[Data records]

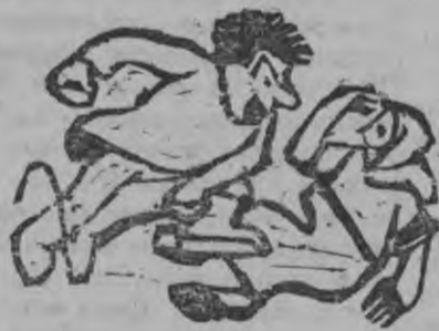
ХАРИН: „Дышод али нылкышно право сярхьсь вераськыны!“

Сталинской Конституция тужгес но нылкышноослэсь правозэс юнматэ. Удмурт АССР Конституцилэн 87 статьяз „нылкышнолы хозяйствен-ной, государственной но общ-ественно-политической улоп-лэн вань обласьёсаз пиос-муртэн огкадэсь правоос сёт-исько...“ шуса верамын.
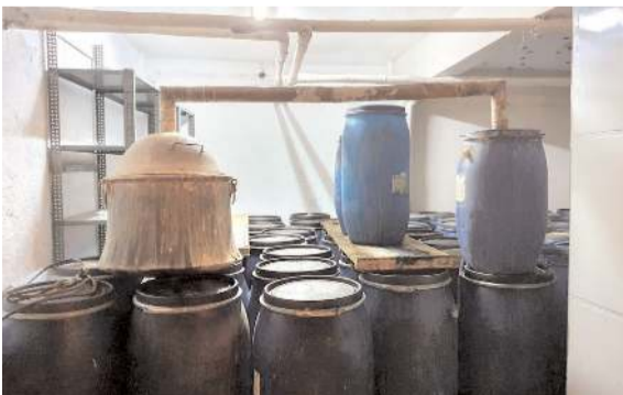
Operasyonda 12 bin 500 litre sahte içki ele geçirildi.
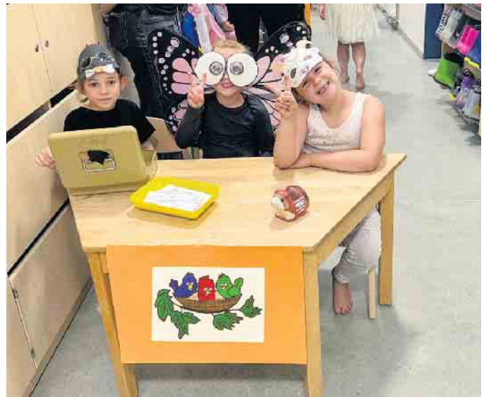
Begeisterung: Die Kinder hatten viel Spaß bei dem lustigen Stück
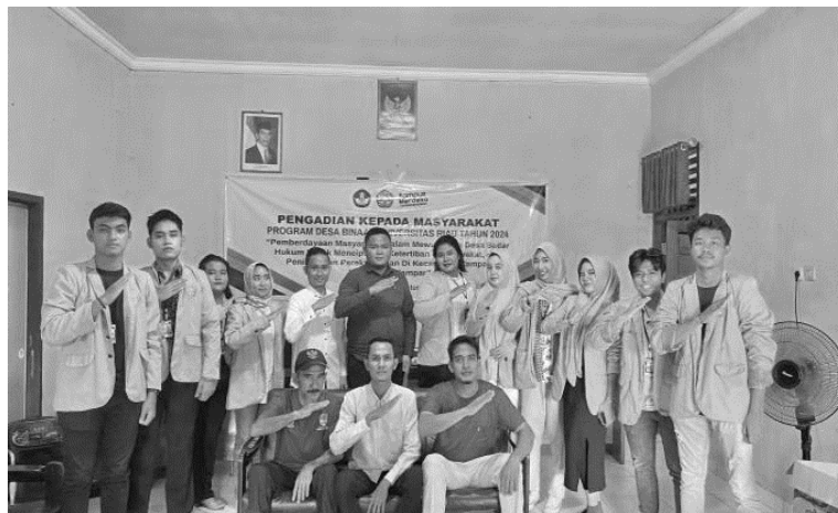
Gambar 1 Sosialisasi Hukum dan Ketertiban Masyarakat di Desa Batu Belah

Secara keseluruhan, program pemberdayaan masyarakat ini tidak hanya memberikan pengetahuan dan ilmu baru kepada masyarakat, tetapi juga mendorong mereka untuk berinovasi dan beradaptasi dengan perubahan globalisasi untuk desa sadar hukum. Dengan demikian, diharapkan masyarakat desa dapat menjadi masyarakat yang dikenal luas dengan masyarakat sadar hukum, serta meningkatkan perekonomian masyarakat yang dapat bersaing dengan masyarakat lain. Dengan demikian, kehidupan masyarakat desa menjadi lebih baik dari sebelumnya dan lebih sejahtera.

= What the exercise asks =
Copy every line above word for word and exclude the pictures.

= Finished task =
ХАРИН: „Дышод али нылкышно право сярхьсь вераськыны!“

Сталинской Конституция тужгес но нылкышноослэсь правозэс юнматэ. Удмурт АССР Конституцилэн 87 статьяз „нылкышнолы хозяйствен-ной, государственной но общ-ественно-политической улоп-лэн вань обласьёсаз пиос-муртэн огкадэсь правоос сёт-исько...“ шуса верамын.
Operasyonda 12 bin 500 litre sahte içki ele geçirildi.
Begeisterung: Die Kinder hatten viel Spaß bei dem lustigen Stück
Gambar 1 Sosialisasi Hukum dan Ketertiban Masyarakat di Desa Batu Belah

Secara keseluruhan, program pemberdayaan masyarakat ini tidak hanya memberikan pengetahuan dan ilmu baru kepada masyarakat, tetapi juga mendorong mereka untuk berinovasi dan beradaptasi dengan perubahan globalisasi untuk desa sadar hukum. Dengan demikian, diharapkan masyarakat desa dapat menjadi masyarakat yang dikenal luas dengan masyarakat sadar hukum, serta meningkatkan perekonomian masyarakat yang dapat bersaing dengan masyarakat lain. Dengan demikian, kehidupan masyarakat desa menjadi lebih baik dari sebelumnya dan lebih sejahtera.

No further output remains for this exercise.